DB schemas and AMQP messaging (RPC) can change
Upgrade controllers in parallel
- DB schema must match service expectations
- Cloud management downtime
Upgrade computes serially (in batches)
- No direct DB connection, RPC pinning
Service-by-service upgrade is a possibility too

DB schemas do not change, AMQP messaging does not change or is backwards compatible
Challenge is in uptime expectations
Rolling updates on the controllers (node-by-node)
- Some services rely on Pacemaker for proper leaving/rejoining the cluster
“Normal” package update on the computes

From the Manager node
- openstack overcloud update stack overcloud -i --templates -e overcloud-resource-registry-puppet.yaml -e …
Sets pre-update hook on each node – heat native feature.
Also sets the UpdateIdentifier.
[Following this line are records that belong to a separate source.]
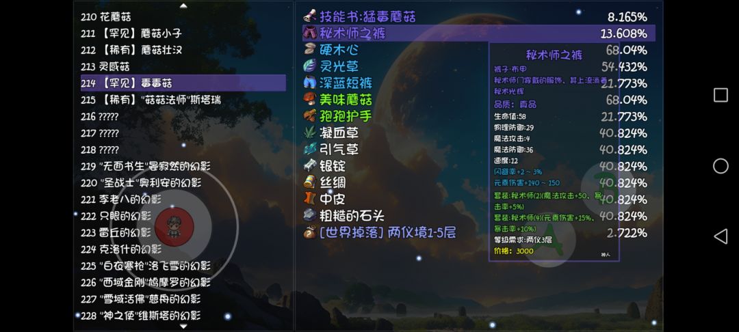秘术师裤子,孔孢幽谷的罕见小怪身上,值得注意的是,在蘑菇小子和毒蘑菇两种罕见小怪身上都有掉落。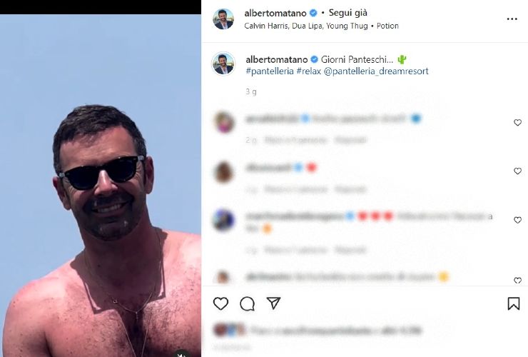 Scorrendo le immagini della galleria di Alberto Matano, vediamo che, prima di raggiungere la Puglia, i neo coniugi non siano approdati a Pantelleria. “Un po’ di sole e di me”, scrive Matano in calce al post mostrandosi con un nuovo taglio di capelli. La chioma più corta per combattere le alte temperature e i lunghi bagni nelle acque blu del sud saltano agli occhi dei più curiosi. Meduse che si intravedono al di sotto delle acque cristalline, numerosi e alti fico d’india che contrastano l’azzurro cielo. Tutto documentato in un recente video pubblicato su Instagram e dal quale noi di Velvet Gossip ne alleghiamo il fermo immagine di un frame.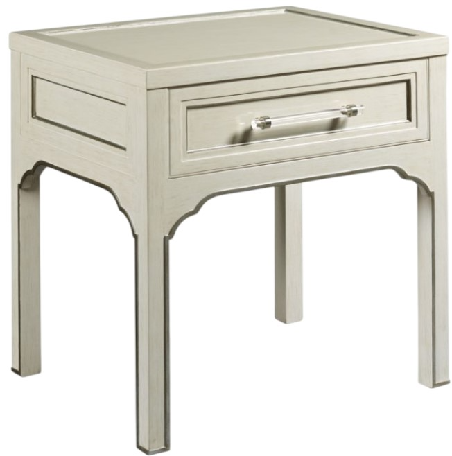 A rectangular framed top rests over four squared posts that flank a framed molded drawer accented by silver leaf stripes. Make a bold statement by incorporating this stunning furniture into your home.Read More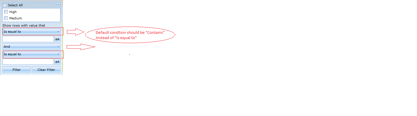 I am using RadGridView . when i open fileter option in Gridview it opens with Filter conditin as "Is equal to" . But i need to set default filter conditin as "Contains".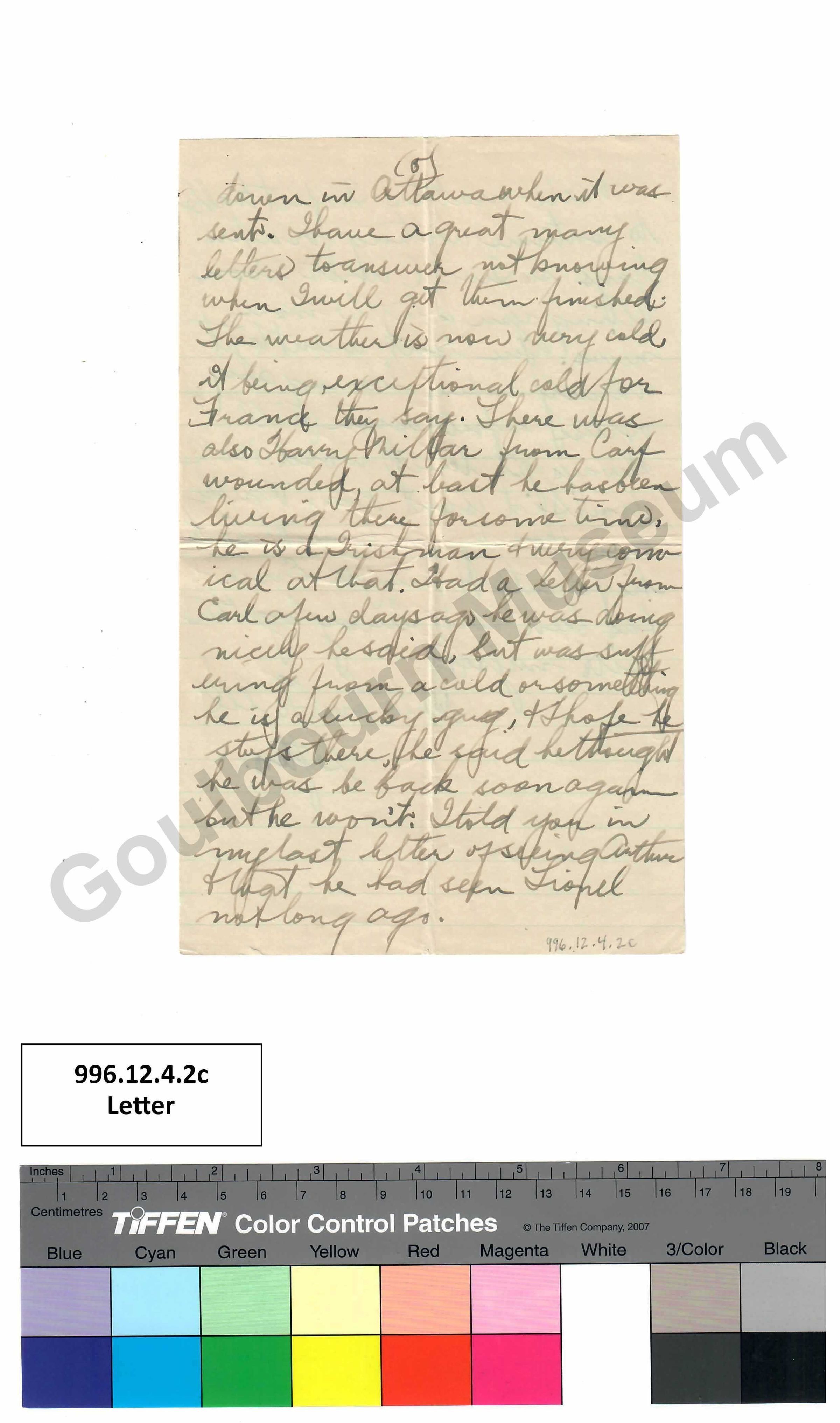 down in Ottawa when it was sent. I have a great many letters to answer not knowing when I will get them finished. The weather is now very cold, it being exceptional cold for France they say. There was also Harry Millar from Carp wounded, at least he has been living there for some time, he is a Irishman and very comical at that. Had a letter from Carl a few days ago he was doing nicely he said, but was suffering from a cold or something he is a lucky guy, + I hope he stays there, he said he thought he was be back soon again but he won’t. I told you in my last letter of seeing Arthur + that he had seen Lionel not long ago.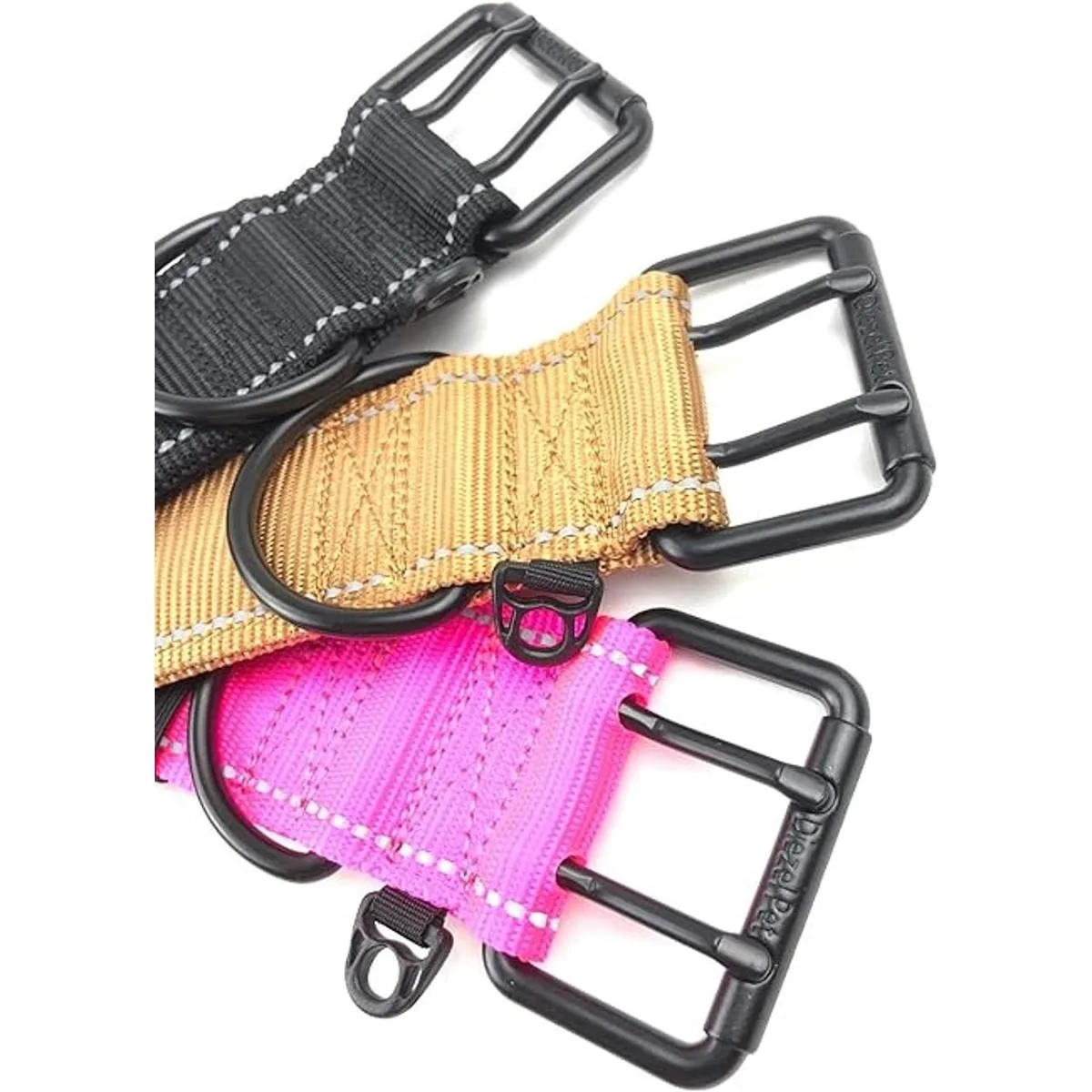 Hebilla de metal más fuerte mejorada. Fuerte hebilla de metal de dos pines estilo táctico punto de fijación para etiquetas de perros collares impermeables para perros de raza grande con un fuerte anillo en D grande de acero forjado rosca reflectante. Collares extra resistentes para protección. TRABAJO O SERVICIO K9.
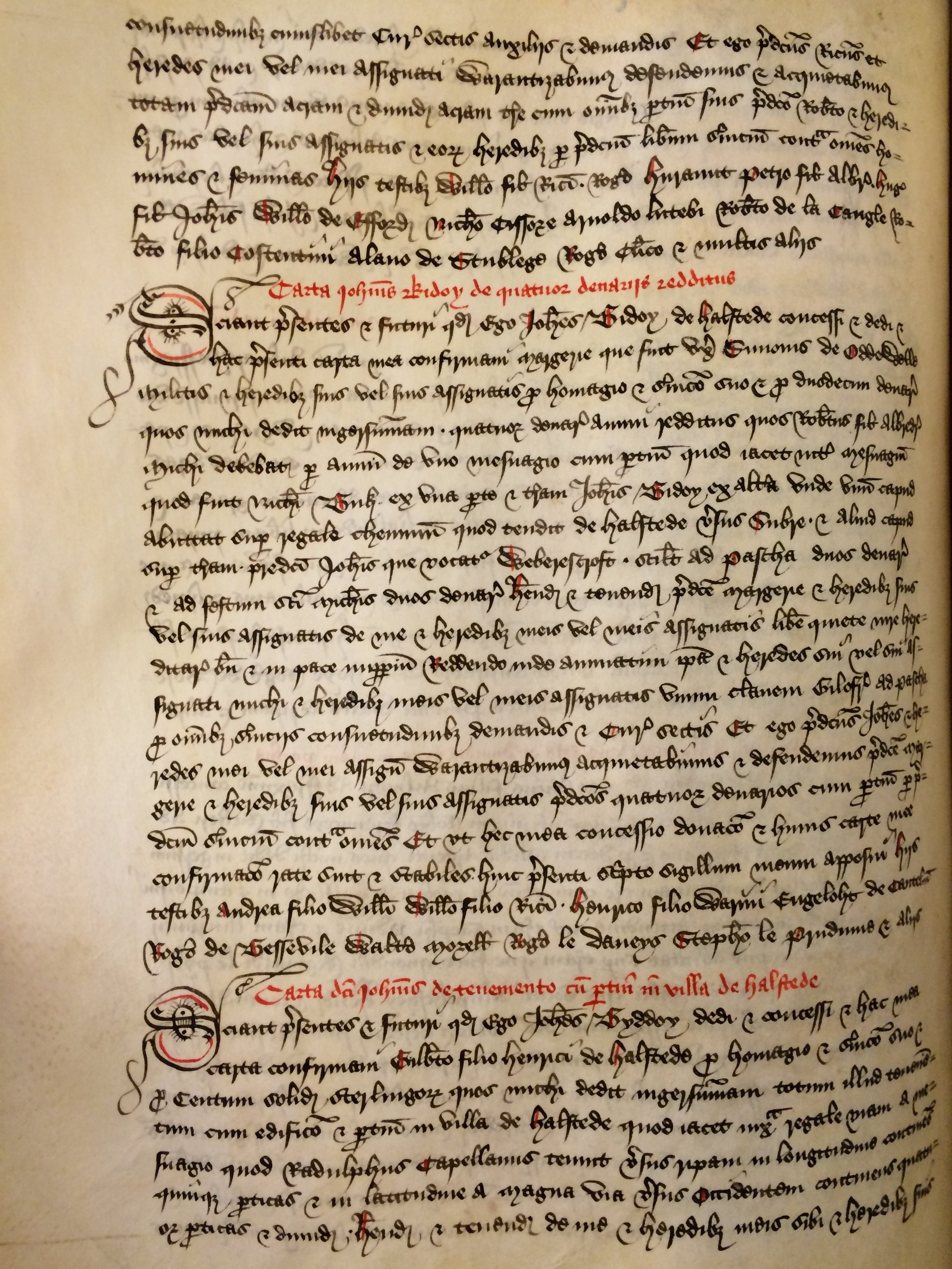 Sciant presentes et futuri quod ego Iohannes Bidoy de Halstede concessi et dedi et hac presenti carta mea confirmavi Margerie que fuit uxor Simonis de Oddewelle militis et heredibus suis vel suis assignatis pro homagio et servicio suo et pro duodecim denariis quos michi dedit in gersummam quatuor denarios annui redditus quos Robertus filius Albredr[] michi debebat per annum de uno mesuagio cum pertinentiis quod iacet inter mesuagium quod fuit Nicholai Buk ex una parte et terram Iohannis Bidoy ex altera unde unum capud abuttat super regale cheminum quod tendit de Halstede versus Subre et aliud capud super terram predicti Iohannis que vocatur Weberescroft scilicet ad Pascha duos denarios et ad festum sancti Michaelis duos denarios habendos et tenendos predicte Margerie et heredibus suis vel suis assignatis de me et heredibus meis vel meis assignatis libere quiete iure hereditarie bene et in pace imperpetuum reddendo inde annuatim ipsa et heredes sui vel sui assignati michi et heredibus meis vel meis assignatis unum clavem gilofre ad Pascha pro omnibus serviciis consuetudinibus demandis et curiarum sectis Et ego predictus Iohannes et heredes mei vel mei assignati warantizabimus acquietabimus et defendemus predicte Margerie et heredibus suis vel suis assignatis predictos quatuor denarios cum pertinentiis per predictum servicium contra omnes Et ut hec mea concessio donacio et huius carte mee confirmacio rate sint et stabiles huic presenti scripto sigillum meum apposui Hiis testibus Andrea filio Willelmi Willelmo filio Ricardi Henrico filio Warini Engeloht de Canteliu[] Rogero de Bessevile Waltero Morell[] Rogero le Daneys Stephano le Prudume et aliis

Need the update to proceed one node at a time.

On one controller at a time, (breakpoints mainly for this).
Matching pre/post update environments (example the neutron pacemaker constraints).
Stop the cluster on that controller, maintenance mode
Yum update
Rejoin the cluster

This is delivered as the config property for a SoftwareDeployment (Heat).
Checks the update_identifier first
- echo "Not running due to unset update_identifier"
Contains the update logic, pacemaker, yum update

Nothing, in four different ways!

We don't want a new network, we're just calling it (by) name

network_id <-> network (name) mapping

Heat developers helped, we had to backport the fix into the stable branch

How come Pacemaker is failing to failover the services?

Services fail to stop

HA people helped, we needed to fix the constraints to shutdown cleanly!

Why is that IP still on the node we supposedly killed?

Neutron agents were down but keepalived was still running

Neutron developers helped, newer version wasn't affected

UPDATE_COMPLETE, scaling fails though!

Luckily there is people testing this all